Démolir la présidence haïtienne

est une fausse bonne idée

Pierre Rodrigue Saint-Paul

directeur de "Haïti Échanges"

"Je pense que les élections de décembre 1990 (en Haïti) constituent... une véritable révolution: pour la première fois, une population habituellement marginalisée, analphabète à 85%, s'est déplacée massivement pour voter, c'est-à-dire participer à la vie politique du pays" (Béatrice Pouligny, in "La crise d'Haïti, 1991-1996", Cedin-Paris I, Montchrestien) Béatrice Pouligny est chercheur au Centre d'Etudes et de Recherches Internationales (CERI - Sciences Po.), Paris, France

 

Une campagne médiatique de démolition est systématiquement orchestrée contre la personne et la fonction du président d'Haïti.

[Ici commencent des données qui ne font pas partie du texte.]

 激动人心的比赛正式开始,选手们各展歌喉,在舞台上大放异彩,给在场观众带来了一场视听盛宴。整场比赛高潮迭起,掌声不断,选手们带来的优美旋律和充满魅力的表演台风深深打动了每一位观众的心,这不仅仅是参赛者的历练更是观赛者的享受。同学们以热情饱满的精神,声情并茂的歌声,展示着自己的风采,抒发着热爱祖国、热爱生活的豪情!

Le quotidien français, Le Monde (Le Monde du 31 janvier 2002), par exemple, a publié une pleine page intitulée "les déçus d'Aristide". Dix-huit témoins à charge ont été convoqués pour accabler le Chef d'Etat haïtien. Ceux qui ne s'exécutent pas assez vite, comme Danielle Mitterrand, Christophe Wargny, Ignacio Ramonet, sont moqués par Paul Cozygon qui se félicite d'avoir fait le bon choix en créant, dès 1986, sa propre organisation politique en Haïti.

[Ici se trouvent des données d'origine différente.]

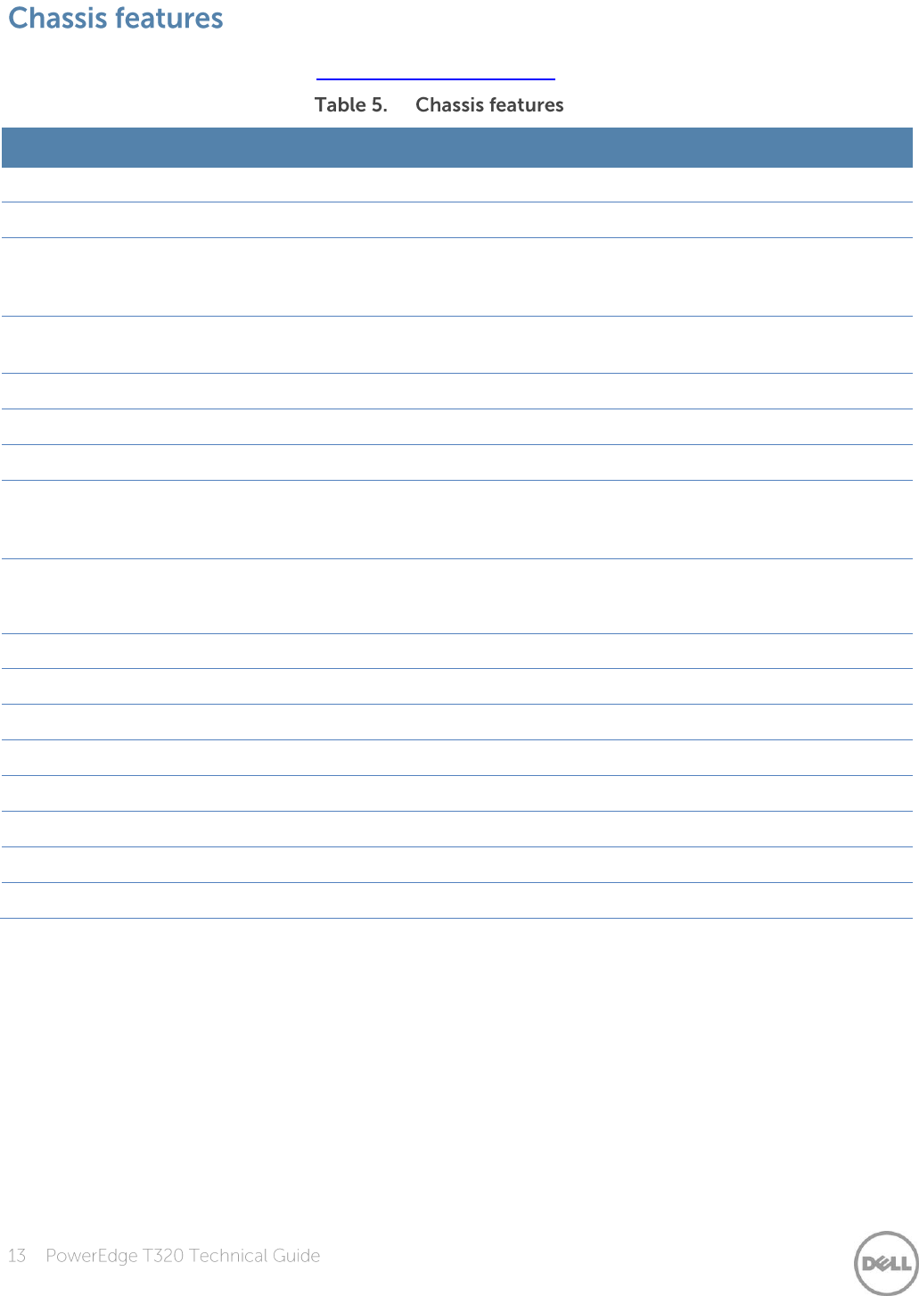 Table 5 lists the various features on the T320. For additional information, see the

Ce procès, sans appel et non-contradictoire, ne nous parait ni équitable, ni constructif. Nous avons examiné les chefs d'accusation et décidé d'apporter notre propre contribution. Il nous semble utile de rappeler qu'il peut exister une autre lecture de la problématique haïtienne. Et que le sort de la nation haïtienne mérite un vrai débat, au lieu de simples clichés médiatiquement corrects.

Comprendre la "crise" haïtienne

De son entrée en politique contre Duvalier au milieu des années 80, à ce jour, Jean Bertrand Aristide s'est heurté à deux types d'adversaires. D'abord les éléments les plus endurcis des milieux conservateurs haïtiens mécontents d'avoir perdu le contrôle social et politique exercé sur les masses populaires depuis deux cents ans. Ils ont réagi, naturellement, par des massacres, des coups d'Etat, des assassinats et tentatives d'assassinats.

Après l'arrivée au pouvoir d'Aristide, aux élections de 1990, un autre type d'adversaires apparait qui allaient devenir "les déçus d'Aristide". Ils sont issus de groupes politiques, traditionnellement opposés à la dictature des duvalier, mais sans influence au sein des masses. Dans les premiers temps, ils entourent le nouvel élu et participent au nouveau pouvoir. Leur tentative de dominer ce pouvoir allait provoquer la rupture de leur alliance avec Aristide.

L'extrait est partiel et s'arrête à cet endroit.